Posted by SteveHamlin | Report as abusive

Felix,
It seems that the dominant problem is the fact that, from the consumer perspective, the transaction cost is “extremely well hidden” and thus, to me, the easiest solution would be to make the transaction cost explicit to the consumer. Specifically, simply require that all businesses split out interchange fees on receipts just like they do sales tax. My guess is that once the interchange fee is explicit, there will be an overwhelming desire on the part of most businesses to treat it like sales tax and add it on as an additional fee. Higher interchange fees would then be directly passed onto the consumer leading to downward pressure on the interchange fee itself (the consumer can either choose the card with air miles or with a 1% interchange fee).
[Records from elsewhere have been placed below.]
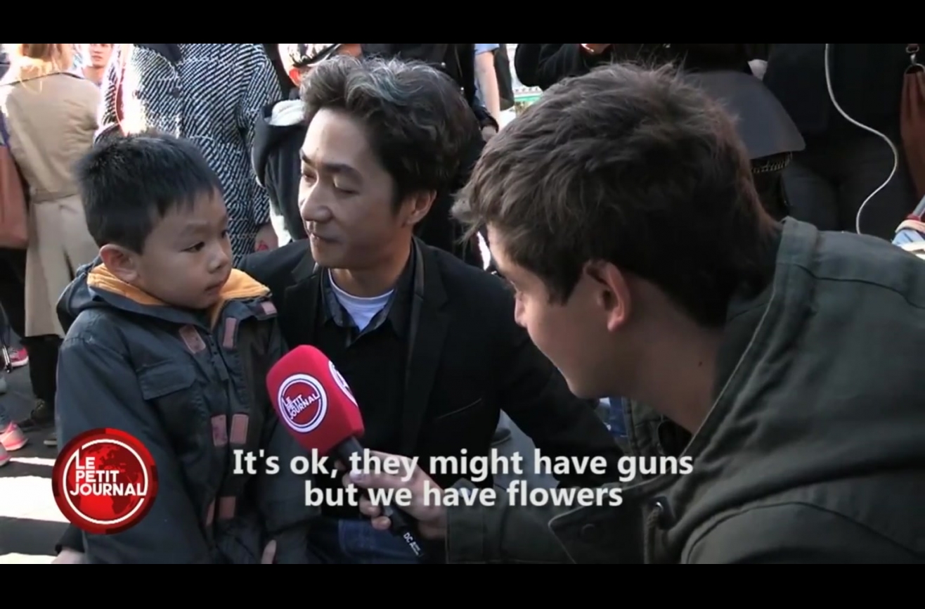 After the attacks in Paris on November 13 and the senseless violence that takes place daily all over the world, many were left wondering how such things can happen and why so much evil exists in the world. Among those asking these questions was a young boy in Paris who visited the memorial site with his father. The boy was understandably scared and shaken by the attacks, but his father explained the event through a powerful metaphor. “They have guns but we have flowers,” the father says. While flowers don’t literally fight evil, the love and compassion those flowers represent show the most powerful weapon humans have. As the great Mr. Rogers once said, “Whenever there is a tragedy, always look to the helpers. There will always be helpers.” The young child learned a lesson that will stay with him forever, the human spirit is always stronger than evil. Read more: http://www.wimp.com/father-and-son-paris-attacks/
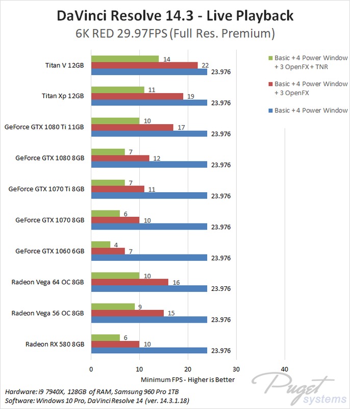 With that said, we saw almost no difference between any of the cards with our relatively light testing with just a basic grade and four Power Windows. Really the only reason each card did not score a perfect 100 was due to the 8K RED Full Resolution test where most cards achieved ~20 FPS rather than 25 FPS.
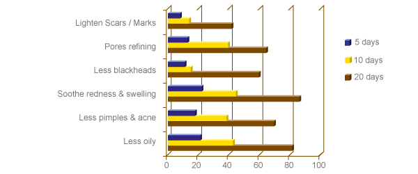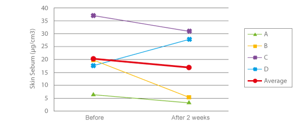 They were given extract 50 mg/day orally for 2 weeks, and measured using SEBUMETER SM810. Average sebum production around eye area was reduced about 16% within testing period.
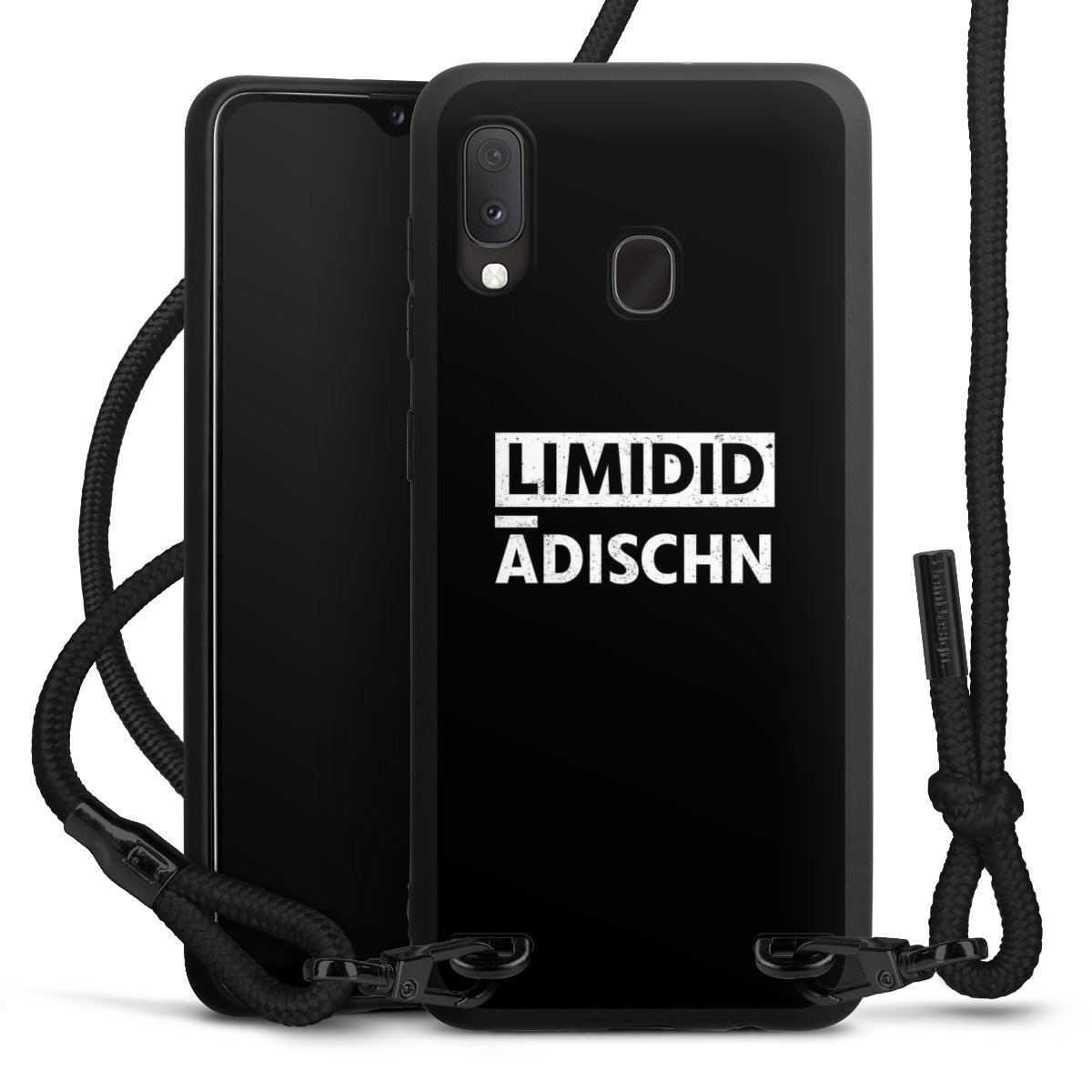 The matt black silicone case is made of flexible TPU (thermoplastic polyurethane) and offers robust protection. The durable, unbreakable material makes the cover flexible and dimensionally stable at the same time. The matte surface makes your design stand out more and is less susceptible to fingerprints and dirt. The stylish trend accessory fits comfortably in the hand and is perfectly complemented by the fabric (polyester) mobile phone strap. The braided fabric strap is approx. 1.70 metres long with a diameter of approx. 0.5 cm. Due to the special knotting technique, the length of the strap can be adjusted by simply pulling it, so that you can adapt it individually to your wishes. The practical case to wear around your neck is available with the fabric strap in black. As a little icing on the cake, we have provided the strap with a chic metal fastener in matt black. The strap is securely fastened to the case with loops made of high-quality genuine leather and press studs. The ends of the fabric strap are covered with metallic end caps and thus protected from fraying.

Of course, the downside to the policy implementation for the government is that cash will also become much more attractive, and my guess is that from a sales tax/ income tax revenue perspective the government doesn’t want this to occur. After all, the real reason why my hair stylist doesn’t accept credit cards is not because of the interchange fee. It’s because he doesn’t want to pay income tax!

Posted by naiveideas | Report as abusive

What’s to keep the Federal Reserve from going to plastic money? They run the check-clearing system, why can’t they create a digital payments-clearing system?

Posted by Setty | Report as abusive

@Steve Hamlin – thank you for the links. U.S. fees do like high, though a full study of the issue needs also to consider the costs imposed (or funds rebated) on the consumer side. It’s a 2-sided market, so in theory the total cost could be similar but split differently between merchants and consumers (which was my comment to the prior post).

@naiveideas – I think that merchants have plenty of reasons that they prefer paying the interchange cost to trying to move customers to other forms of payment (though they obviously still prefer lower interchange cost). Checks have drawbacks of fraud losses and the time required for customers to write checks, slowing down lines at retail. Cash has handling costs and “shrinkage” from employee theft, plus the loss of impulse buys that exceed the cash that customers are carrying on them.

Posted by realist50 | Report as abusive

“look high”, not “like”

Posted by realist50 | Report as abusive

The surprise is more that there is anno 2012 still a country in which people write checks for their shopping.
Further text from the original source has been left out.